Conservation of Intent — Volume I: Axioms, Invariants + Admissibility
Scope and Non-Claims
This volume is descriptive and non-operational. It is not an implementation guide, an integration specification, a monitoring or telemetry requirement, a governance mandate, an enforcement or sanctions regime, a certification standard, or a guarantee of ethical outcomes. It does not authorize identity inference or mental-state inference, and it does not claim predictive power, behavioral control, or empirical outcome assurance. The sole purpose of this volume is to define lawful classification semantics under a sealed intent-domain — so that interpretation remains stable under pressure, architectural change, and regime change.

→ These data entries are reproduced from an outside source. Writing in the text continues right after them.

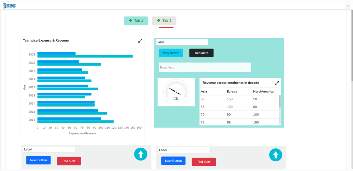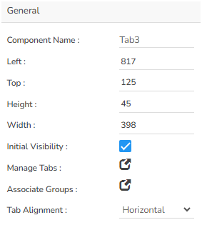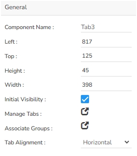 User can change the height, width, top, left. If initial visibility is unchecked, then the chart won’t be visible at the first preview. User can mange the tab & associate the group. The Tab Alignment properties field has been provided to set Vertical or Horizontal alignment for a Tab component.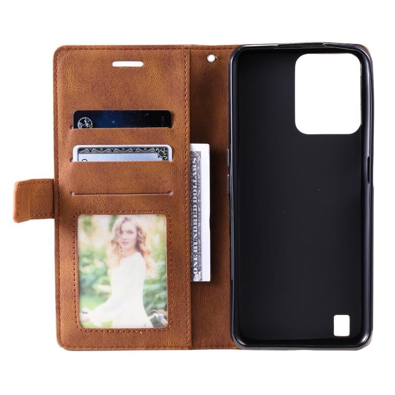 Θήκη τηλεφώνου από δέρμα με αίσθηση αφής και ραφές για Realme C31 (Καφέ)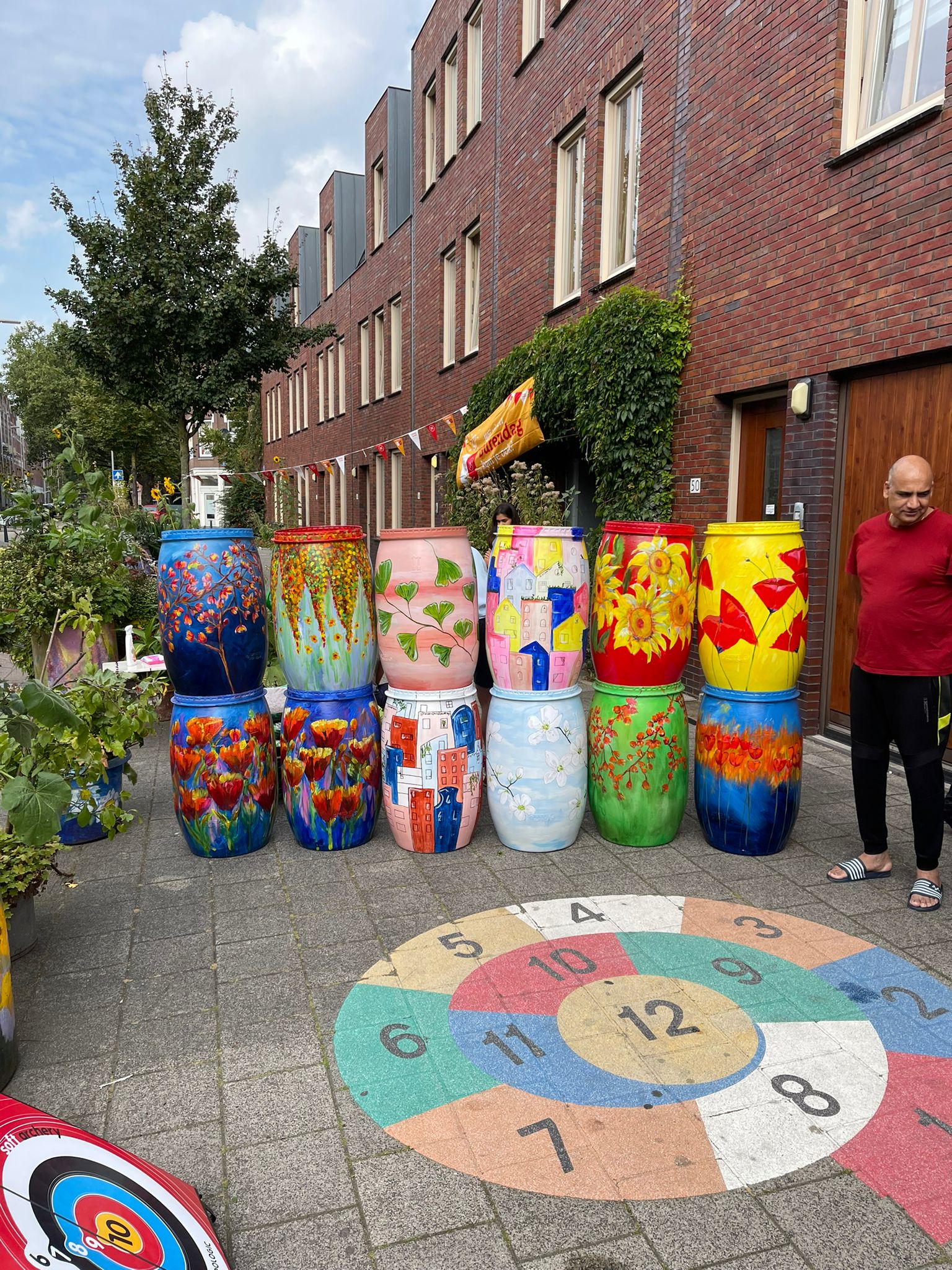 Bert Knaap en Renée Balsters hebben deze tonnen beschilderd en zijn hierin ondersteund door initiatiefnemer en bewoner van de Albregt-Engelmanstraat Giovanni Burke. Samen hebben zij de handen ineengeslagen om de straat verder op te fleuren door meer van de befaamde plantenbakken neer te zetten met steun van Opzoomer mee.

Any reading that converts this work into operational obligations, runtime mechanisms, compliance requirements, enforcement posture, or outcome claims exceeds its jurisdiction. Sealed output labels (binding): Admissible outputs are limited to Conserving, Non-Conserving, and Refusal (Terminal). Refusal is terminal. Binding non-claims: no mechanisms; no interfaces; no enforcement; no outcome guarantees; no identity inference; no mental-state inference; no behavioral inference. : Within this trilogy, 'intent' denotes authorized representations only. Authorized representations include only what is explicitly stated and scoped within the received record — explicit policy statements, declared objectives, declared prohibitions, contracts, covenants, binding non-claims, declared constraints, scope statements, and citation/use constraints. Intent SHALL NOT be construed as a hidden interior, a hidden objective, a mental state, identity-derived intent, behavior-inferred intent, a latent objective 'really meant' but not stated, or any substitute meaning introduced to make the doctrine operational, enforceable, measurable, or outcome-bearing. Admissibility posture: This trilogy classifies only what can be stated within authorized representations. If a proposed mapping requires prohibited observables — psychological attribution, identity inference, behavioral inference, or narrative substitution — or if it requires operationalization to be made meaningful, the classification outcome is . Refusal is not a mode to be optimized away. It is a boundary condition that protects the doctrine's jurisdiction.
Axiom Set (Normative)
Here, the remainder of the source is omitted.